In the resulting histogram, we find that even in a world where there was no true difference in disease prevalence, about 5% of our simulated experiments yielded statistically significant results purely by chance (the red bars).

It is important to note that the significance level (α) that we choose for each individual test directly impacts the rate of false positives. This is basically the Comparison-Wise Error Rate (CWER), the probability of making a Type I error (false positive) in a single hypothesis test. In our example, we have set α=0.05 for each individual test, which means we are essentially saying that we are willing to accept a 5% chance of making a false positive error for each test, and this means that for 100 tests, we expect about 5 false positives.

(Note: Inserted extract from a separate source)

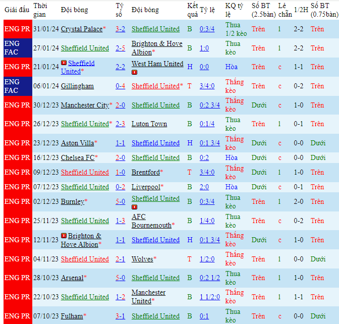 -Phong độ Sheffield United
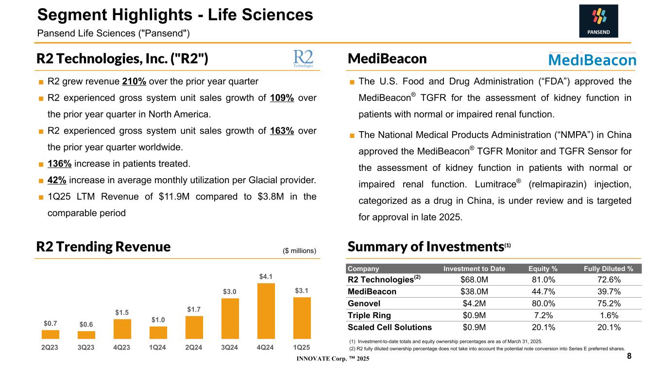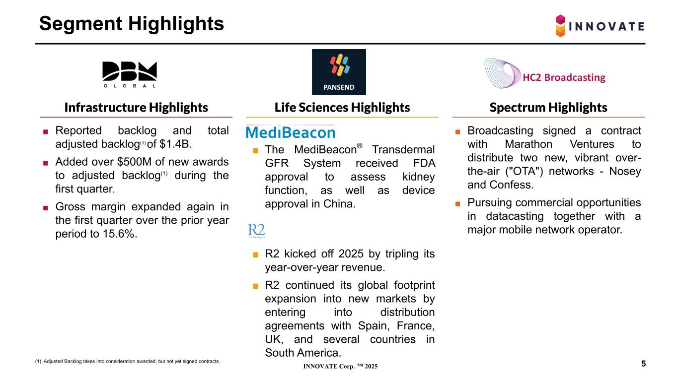“To begin 2025, INNOVATE has made meaningful progress on key initiatives that has strengthened the foundation across our three operating segments,” said Avie Glazer, Chairman of INNOVATE. “The Infrastructure segment expanded its adjusted backlog to $1.4 billion in the first quarter, reflecting the team's continued efforts to secure new projects that will drive sustained growth in the future. We are seeing great momentum in Life Sciences with MediBeacon's previously announced FDA approval of its TGFR system in January, which started the year on the front foot while R2 delivered strong year-over-year growth. The Spectrum segment delivered consistent year-over-year performance, demonstrating resilience and operational stability amid a dynamic market environment.”

By running this simulation multiple times, we can observe how often we get false positive results when there should be none. This helps us understand the likelihood of obtaining a significant result purely by chance, even if there is no true effect or difference.

Challenge

  • If we set α=0.01 for each individual test, which means we are essentially saying that we are willing to accept a 1% chance of making a false positive error for each test,what is the number of false positives we should expect for 100 tests?

Key points

  • Through this exercise, we learn a valuable lesson about the dangers of multiple testing.
  • We realize that without proper adjustments, the likelihood of encountering false positives (rejecting a true null hypothesis) increase with each additional comparison.
  • We need some additional control to make sure we found more hits than expected by chance.

So what is multiple testing?

Multiple testing refers to the practice of conducting numerous hypothesis tests simultaneously or repeatedly on the same data set. It is typically motivated by the desire to explore different aspects of the data or to investigate multiple hypotheses. Researchers employ multiple tests to examine various relationships, comparisons, or associations within their dataset, such as comparing means, proportions, correlations, or other statistical analyses that involve hypothesis testing.